Ty Fayfield, president of Banner's Sensonix subsidiary and developer of the SureCross wireless system, explained why our survey revealed a strong showing—in fact, growth in the use of proprietary wireless protocols (See Fig. 3).

"I'm not surprised," Fayfield said. "Sometimes all you need is to connect one sensor to one controller. Doing that with all the overhead of the standards-based protocols is incredibly expensive. Let's say you need one temperature measurement. With WirelessHART, ISA100 or Zigbee, you need a sensor, a wireless transmitter, a gateway and an output from the gateway. The gateway alone could cost as much as $5000. But with our DX80 system, one ‘wireless loop' costs less than $1500. As long as there's such a difference in both system overhead and cost, proprietary sensor networks like SureCross will to have a large place in things."

Fayfield isn't alone in that opinion. There are more than a dozen companies manufacturing proprietary wireless field device networks. They are diverse too, ranging from tiny start-ups to behemoths like Digi-Key, Cypress Semiconductor, Cooper Wireless (formed from combining Elpro and Omnex) and Schneider Electric.

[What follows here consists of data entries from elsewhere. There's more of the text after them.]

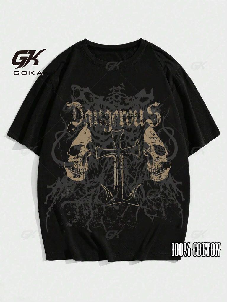 Grunge Punk Czaszka Nadrukowany Damski Męski Unisex Bawełniany T-shirt Luksusowa Marka Vintage Duży Rozmiar Top Casual Krótki Rękaw Klasyczna Koszulka 4xl
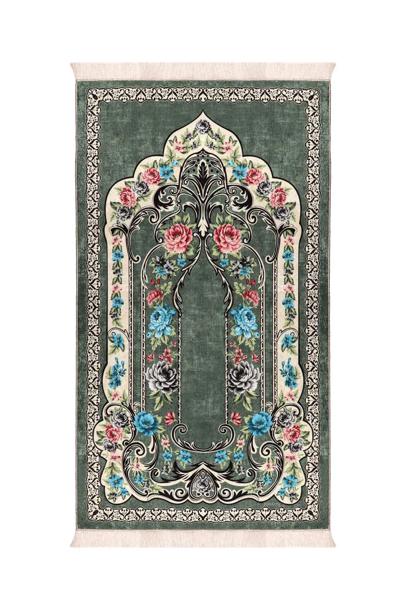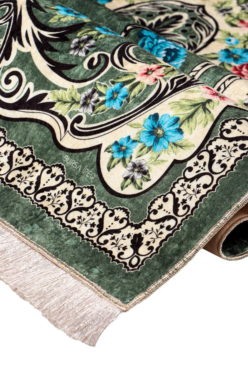 The Yeşil Süngerli Kadife Seccade is a velvet prayer rug designed for comfort and style, featuring a soft velvet surface and sponge filling for support. It measures 65 x 115 cm and is made in Bursa, Turkey.
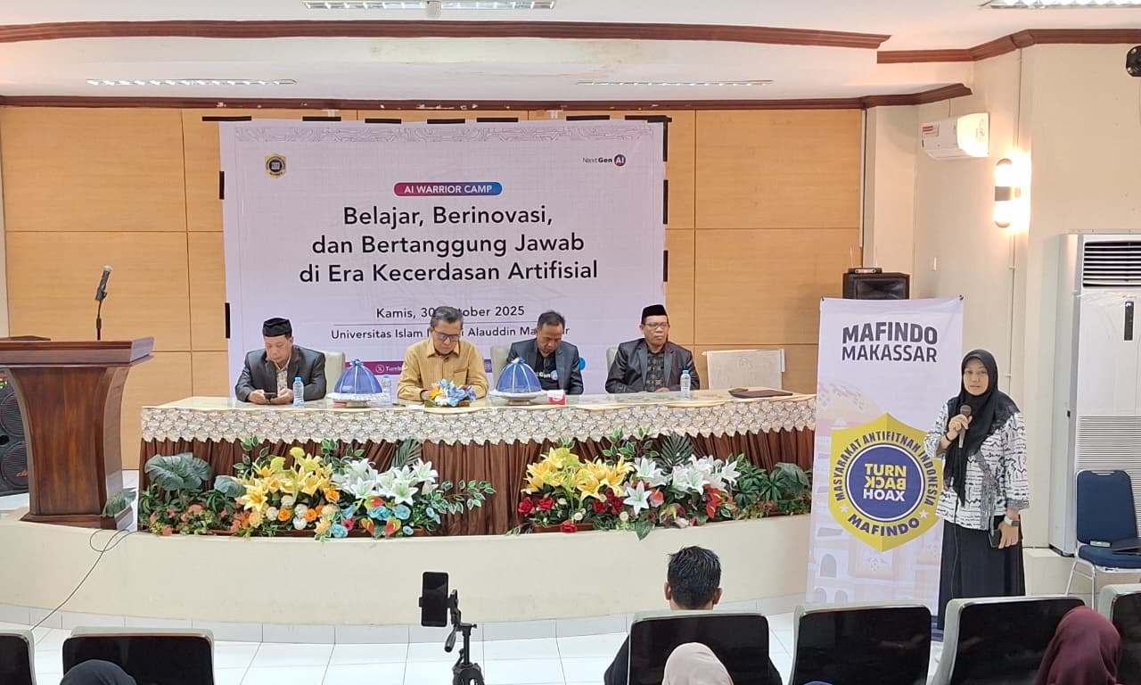 Makassar,–Kecerdasan buatan atau Artificial Intelligence (AI) kini menjadi kompas baru pengetahuan. Namun tanpa etika dan tanggung jawab, teknologi ini justru berpotensi menyesatkan. Menyadari pentingnya literasi digital dan kesadaran etis di era AI, Masyarakat Anti Fitnah Indonesia (MAFINDO) Makassar bekerja sama dengan Google Initiative menggelar AI Warrior Camp di Kampus 2 UIN Alauddin Makassar, Kamis (30/10/2025).
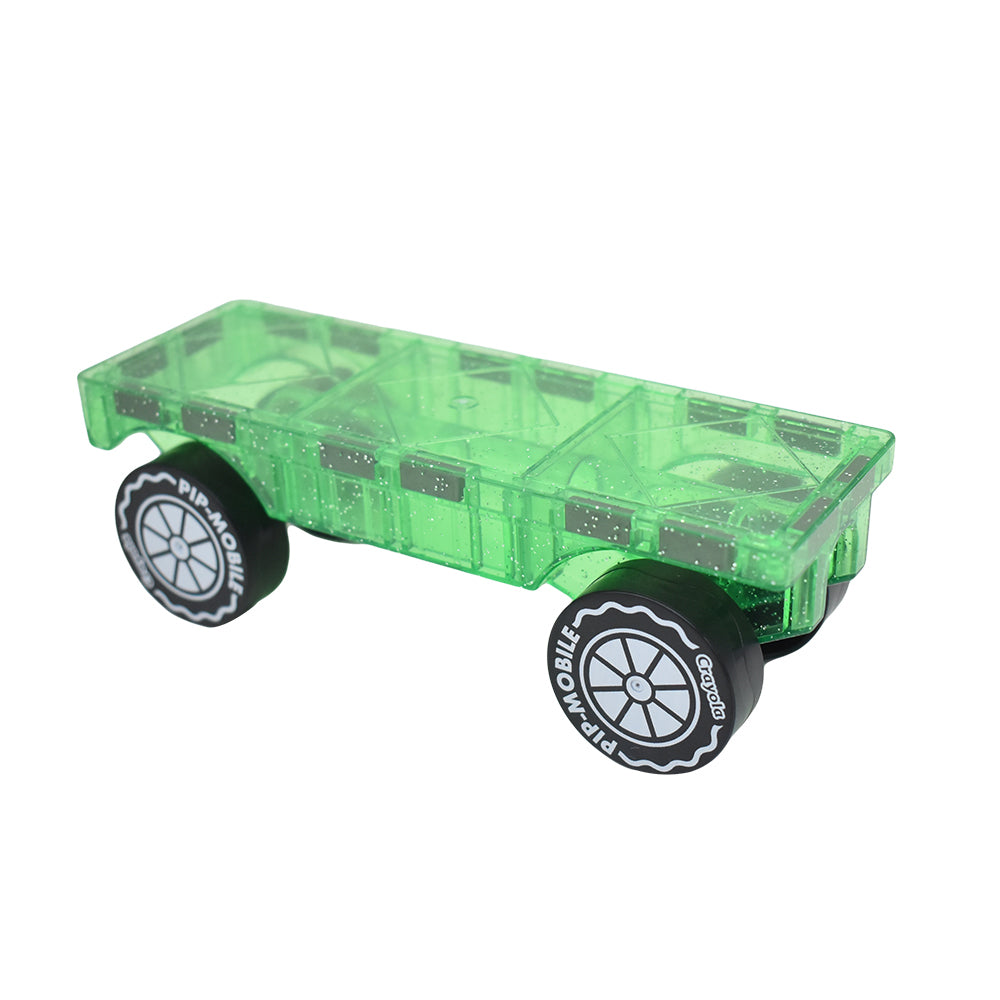 Spark creativity on the go with the Crayola Glitter PIP-Mobile Mini Magnetic Building Cars—a shimmering set of mini magnetic cars designed for creators ages 3 to 99. This dazzling 2-piece set features glittering Crayola shades Gritty Green and Blue Blazes, adding shimmer and shine to every imaginative adventure.
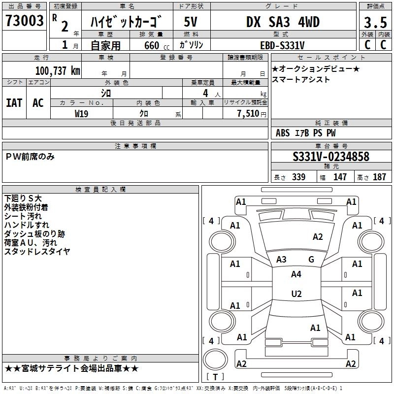 Объем660 сс Трансмиссия Автомат Привод 4WD Оценка3.5
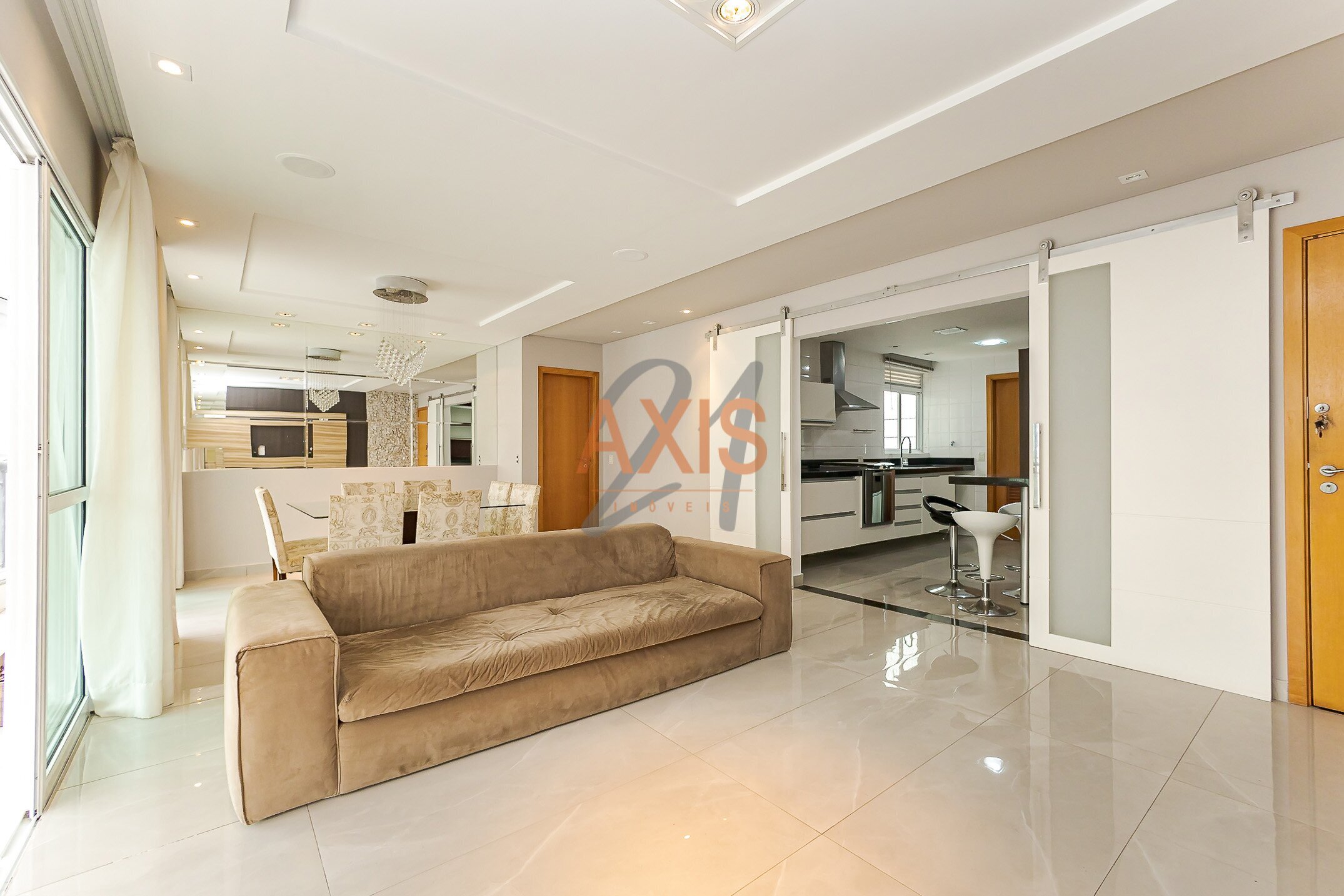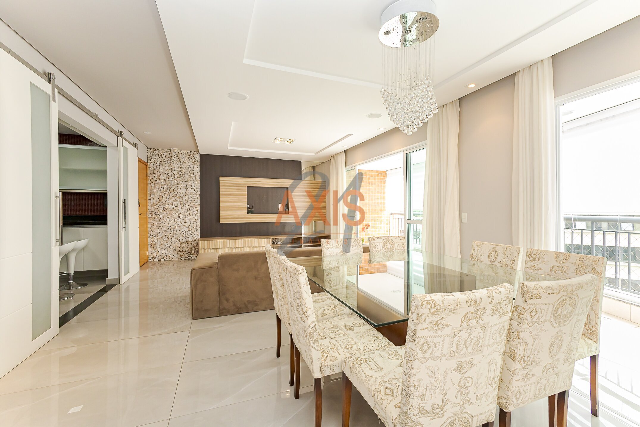 - sala social e sala de jantar com sacada ampla
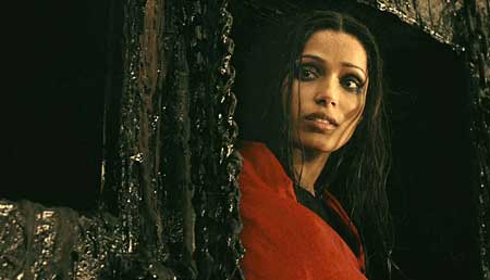 Along the way, Theseus picks up a couple of partners to help him in his quest, Stavros (Stephen Dorff) & Phaedra (Freida Pinto). Stavros is a small man but a ferocious fighter & Phaedra is an Oracle who has told Theseus that he will be a key component in the battle between Hyperion & the gods. But nothing can happen until the famed bow can be recovered. Much like “The Sword In The Stone”, it’s imbedded in a large boulder & only Theseus can pull it out (A pretty good scene save for the fact that the boulder comes apart way too cleanly to look realistic). Once Theseus has the bow the real battle begins. If you’ve seen the trailers for the film you already know that the bow is seemingly made of light & can fire multiple glowing arrows at one time. and it never misses it’s target(s). It’s exciting to see the bow come into play whenever Theseus uses it as it’s a pretty cool special effect & it produces some spectacular deaths.
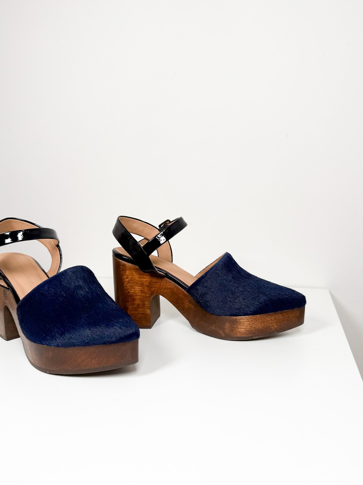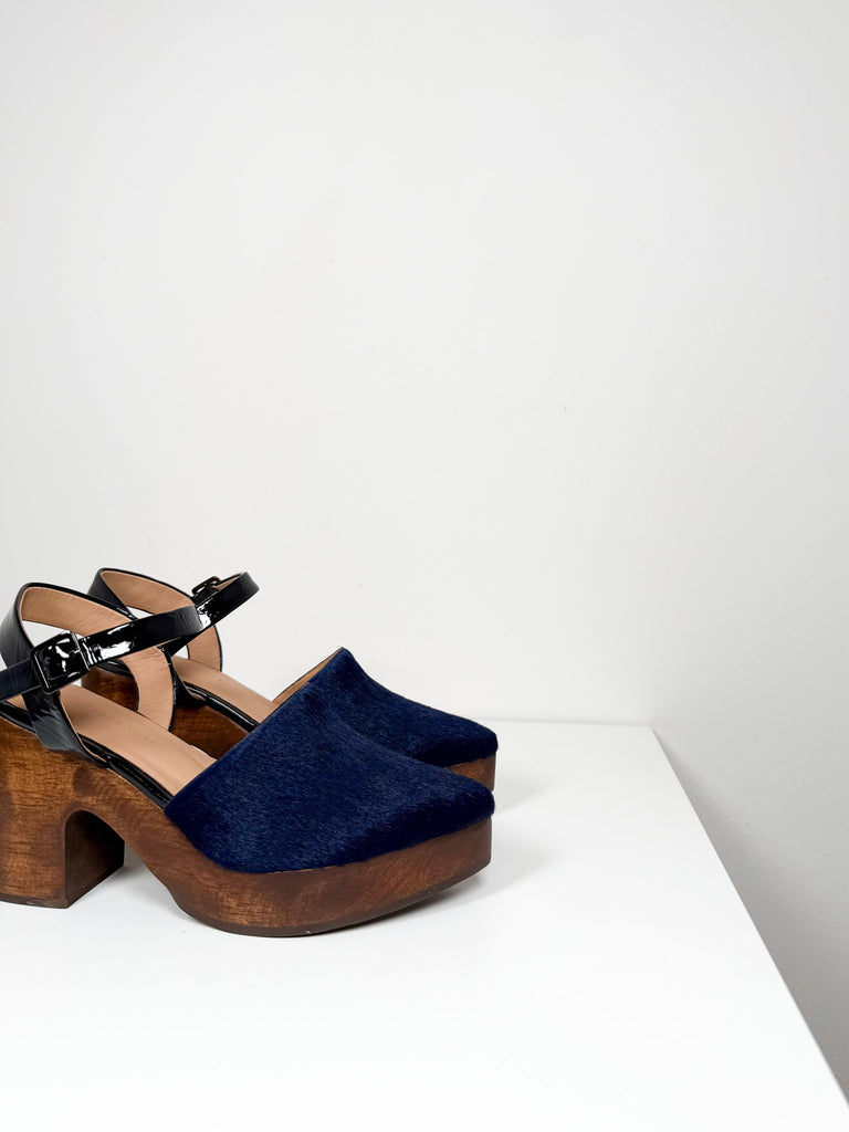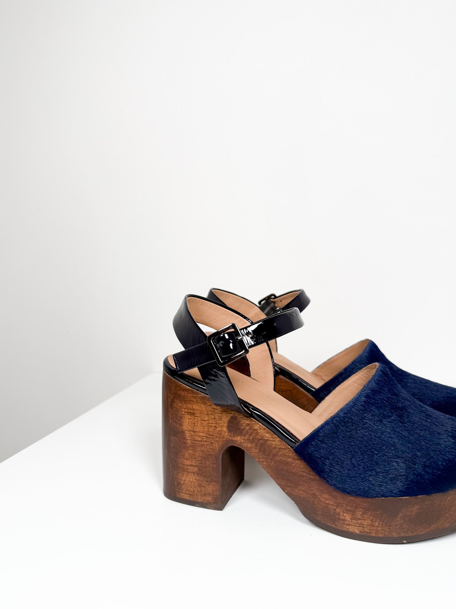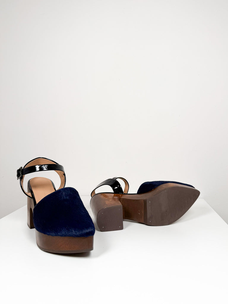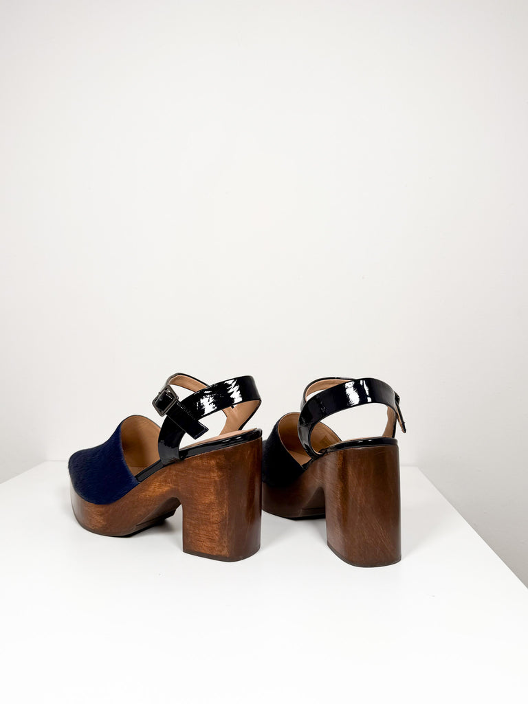Closed-toe platform shoes featuring navy calf leather on the pointed toe with adjustable patent leather ankle straps.
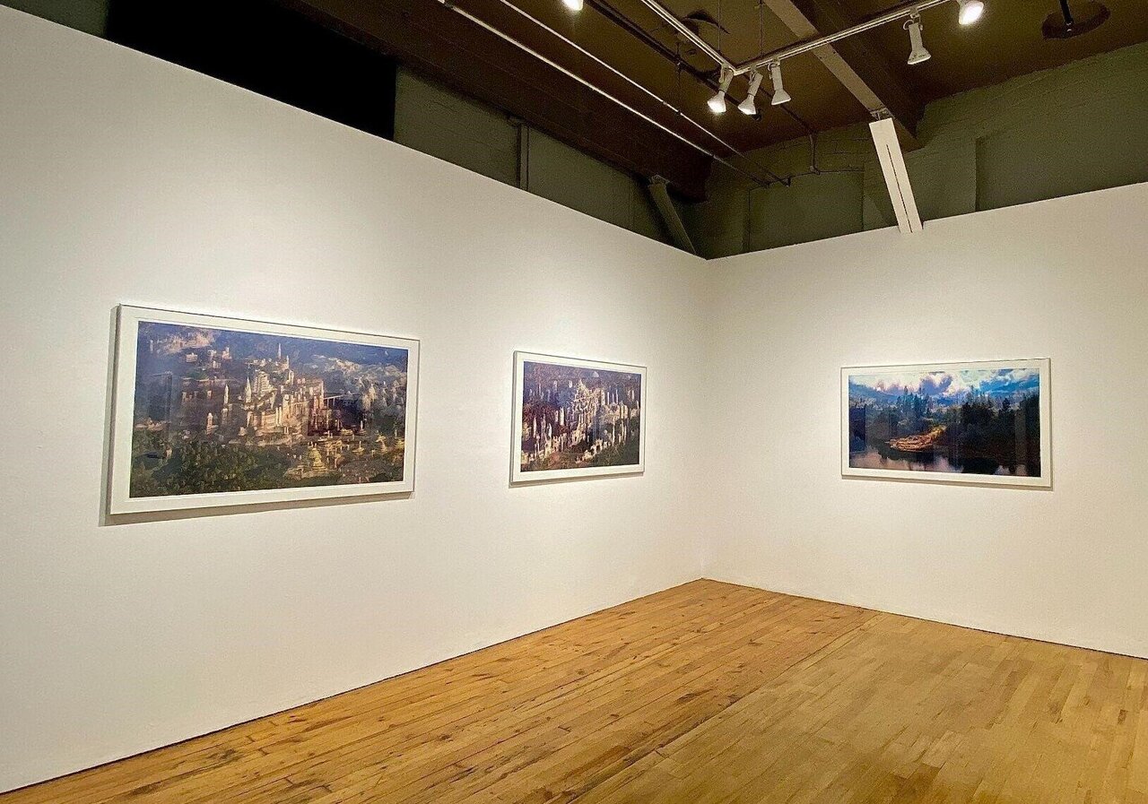 In Mathew Borrett’s solo exhibition at The Red Head Gallery, A Break In The Clouds, archival inkjet prints of landscape views are combine the real world with unreal elements and perspectives. Densely packed architecture and thriving natural environments are the fundamental components, but the perspectives give viewers a sense of an apocalypse. In fact, there are no human beings or animals in most of his works. The well-built cities and the endless railways seem more likely a relic from human civilization.

There's a dichotomy between the companies that are sensor/transmitter-based and the ones, such as ProSoft Technology (specializing in 802.11 radio links, with some proprietary technology) which are controller- and network-based. This is shown by the number of respondents who said they were using 802.11 networks for data transmission and communications (52%).

And the cellular communications companies aren't asleep either. Motorola is one of the largest investors in Apprion, and Sierra Wireless has launched a cell-based wireless monitoring system that even uses the "cloud."